Many in the world today will look back on those who ruled the world before the Shadow World’s appearance and the aftermath with contempt, if not outright hatred. They made the mistakes. They created the monsters of science that overthrew the world order. They acted in hubris and haste. In return, they would argue they kept humanity alive. They made the hard choices and did everything they could to keep the new beings in check. A counter point could be that the moment mutants and machines were created, there was no going back, that they would always have found a way to break free. Perhaps this is true. It would also be pointed out that if the humans had united then they could have prevailed, but many fought each other, seeing the growing mayhem as the perfect cover for settling old scores. With magic, humans became powerful as well. So it could be argued by the rulers and leaders of the time that nothing could have saved the world then, that the Shadow World’s introduction was the beginning of the end, as Dylan Winter had intended. But there is no escaping that their actions at the time led to much suffering – then and since and now – and while they may not have acted as recklessly or so arrogantly as many claim they did, they certainly set out on the path that has led everyone to where things are now, and there were definitely some among them who sought power over all else.

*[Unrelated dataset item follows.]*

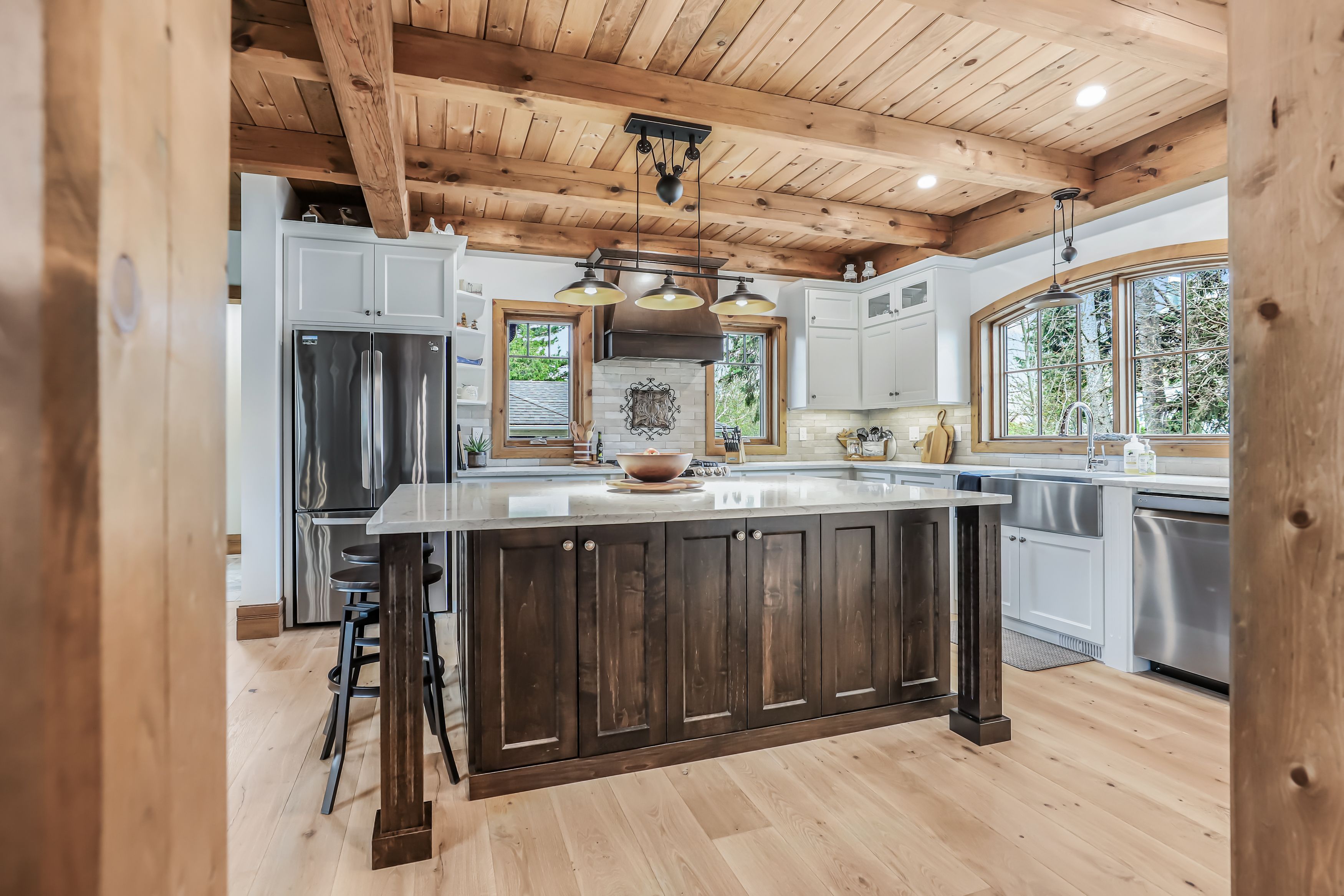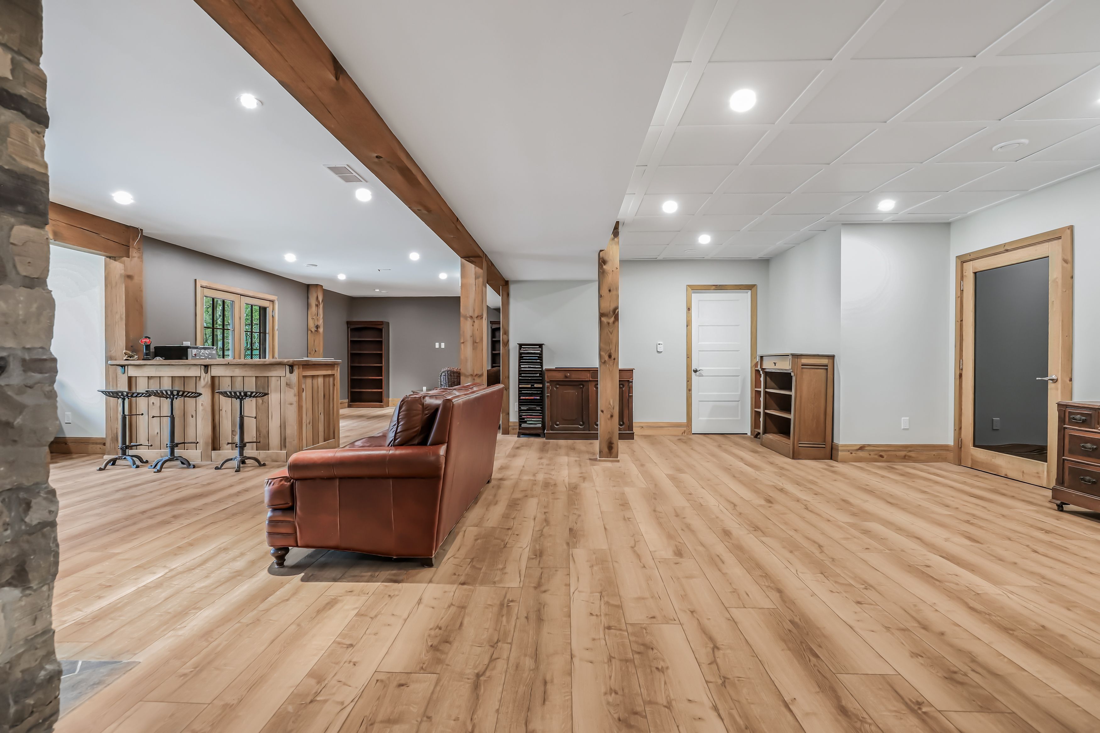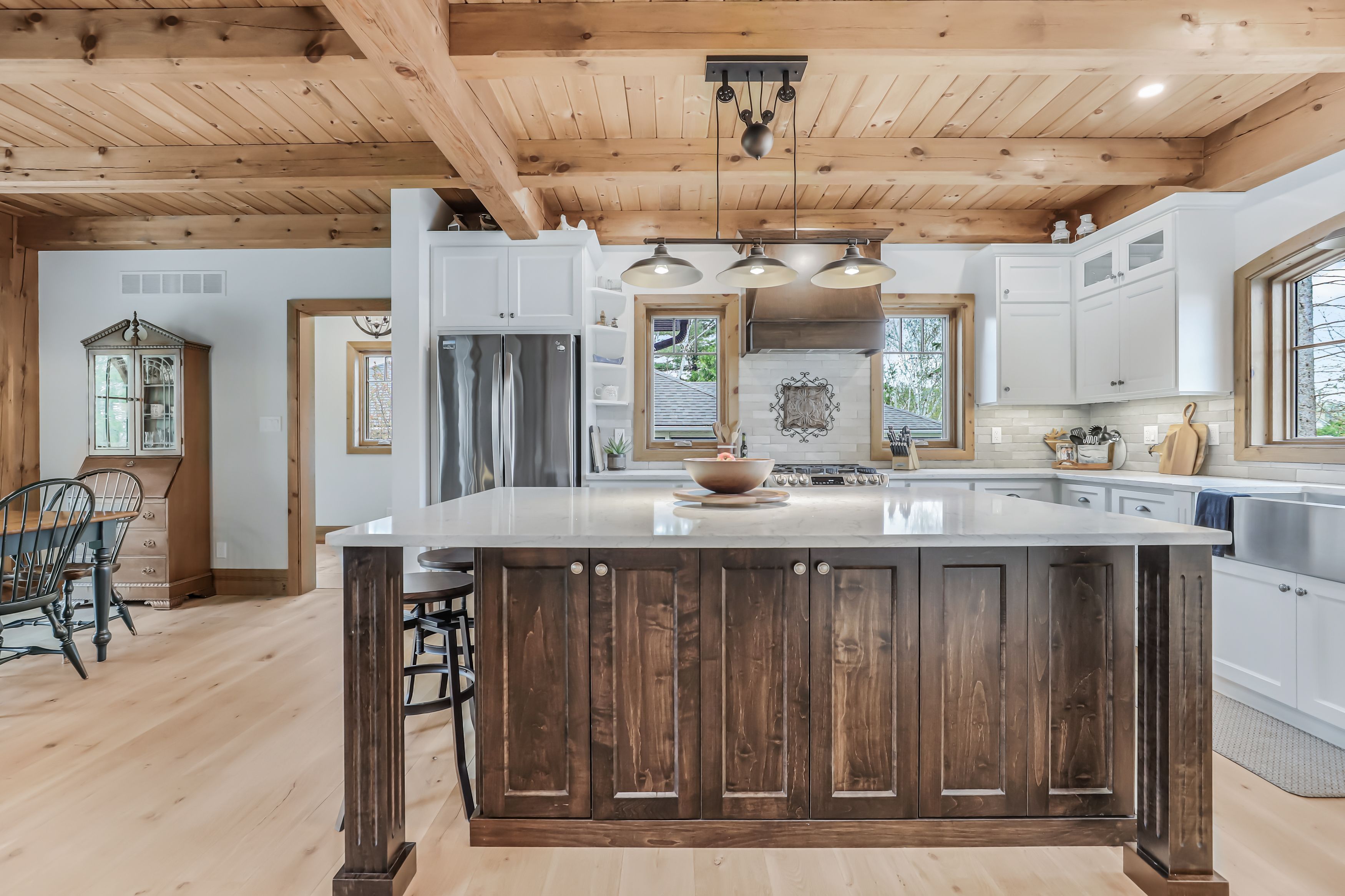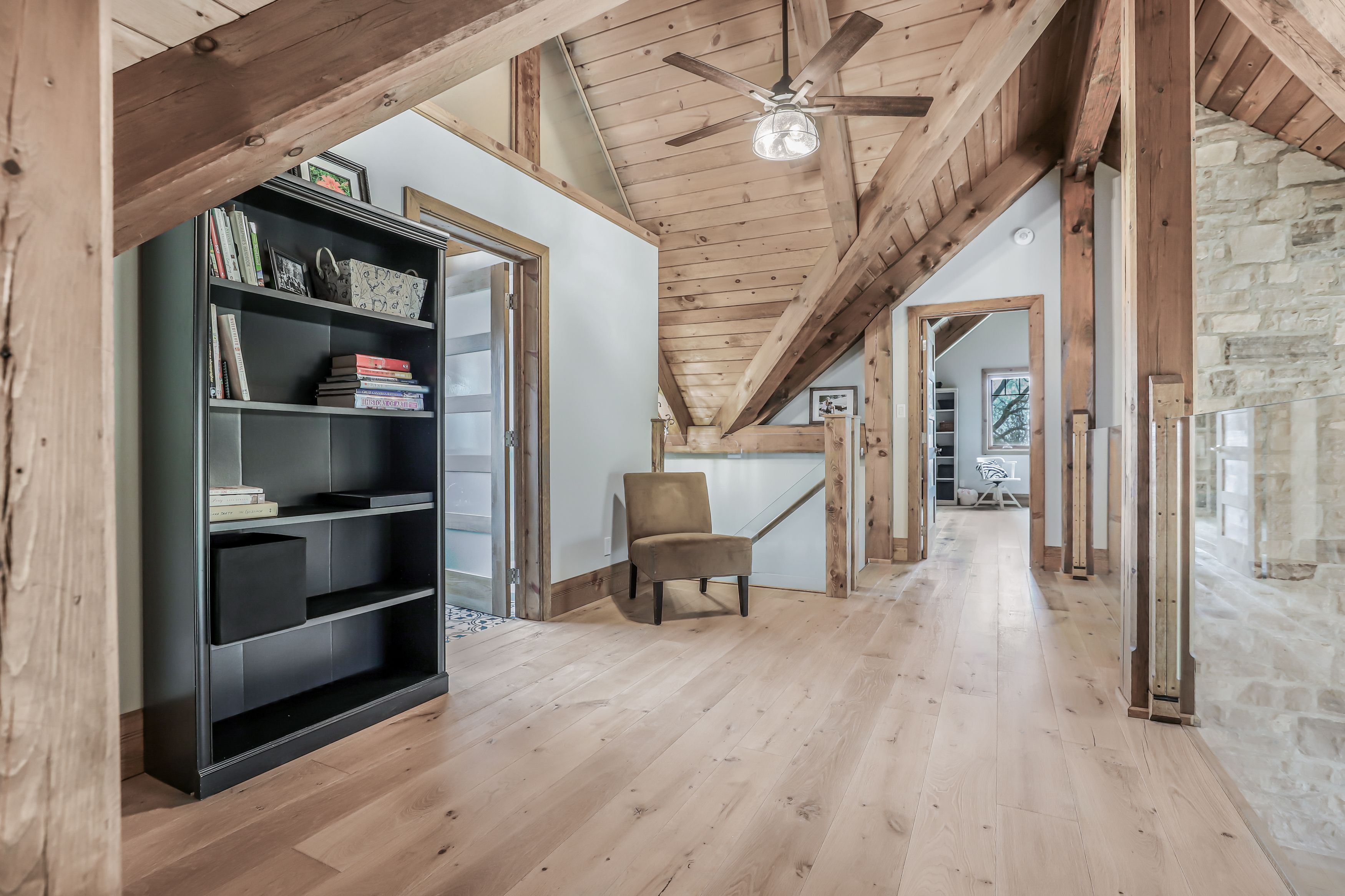 A rare riverfront retreat in southampton. Welcome to a one-of-a-kind timber frame masterpiece nestled on the banks of the saugeen river, just steps from the shores of lake huron. This extraordinary home blends artisan craftsmanship with refined luxury in one of ontario's most coveted locations. From the moment you step into the grand foyer, you're greeted by a stunning interplay of natural elements rich timber beams, elegant tile, and soaring glass. The dramatic living room is the heart of the home, where cathedral ceilings and exposed hammerbeam trusses frame a floor-to-ceiling stone fireplace. Sunlight floods the space through expansive windows, creating a warm and inviting ambiance. The chefs kitchen is an entertainers dream, with a generous central island that seats five, gleaming quartz countertops, and exquisite cabinetry with custom pot drawers and glazed uppers. Host elegant dinners in the dining room, or step onto the raised balcony to dine alfresco with views of your private, treed backyard. The main floor primary suite is a tranquil escape featuring its own secluded balcony, a lavish 5-piece spa-inspired ensuite with freestanding soaker tub, glass walk-in shower, double vanity, and a generous walk-in closet. Upstairs, a glass-railed loft overlooks the living room, flanked by two private bedrooms and a luxurious central bath. The fully finished lower level offers even more indulgence: a radiant-heated family room with stone hearth wood stove, wet bar, walk-out patio access, a spacious bedroom, full bath, exercise room, and a wine-lovers dream cold room. Just steps from pioneer park, the riverfront harbour, and southampton's charming downtown, this home offers an unparalleled lifestyle of beauty, privacy, and prestige.

Humanity is to blame for much, but those humans who walk the world now will say they are the descendants of those who struggled and survived. Their world was invaded, their civilisations lost, they want revenge, and they think they can get it. Some bases contain humans with equipment to nullify machines as a threat or weapons powerful enough to slay super-soldiers. In other places, where humans lack these means, they evade and hide and outlast their foes. Monsters are often seen as superior to humans – stronger or faster or possessing some strange ability. Machines are creations to endure, learn and adapt, and many no longer have programmed defects or passwords to override them, or at least no one alive knows them to exploit them. Mutants are often stronger, more resilient, some born to fight, others for unique reasons. But it should never be forgotten who made who, and who ruled this world for so long, and who numbers the most. Humans are fighting for their home. Humans are a lot more tenacious than they get credit for. Some are brilliant, capable of feats of magic or science, and some are just born abnormally superior. They have survived what this world could throw at them for tens of thousands of years. Two centuries of monsters, mutants and machines is a blip on their timeline for them. Although, a very big and dangerous blip.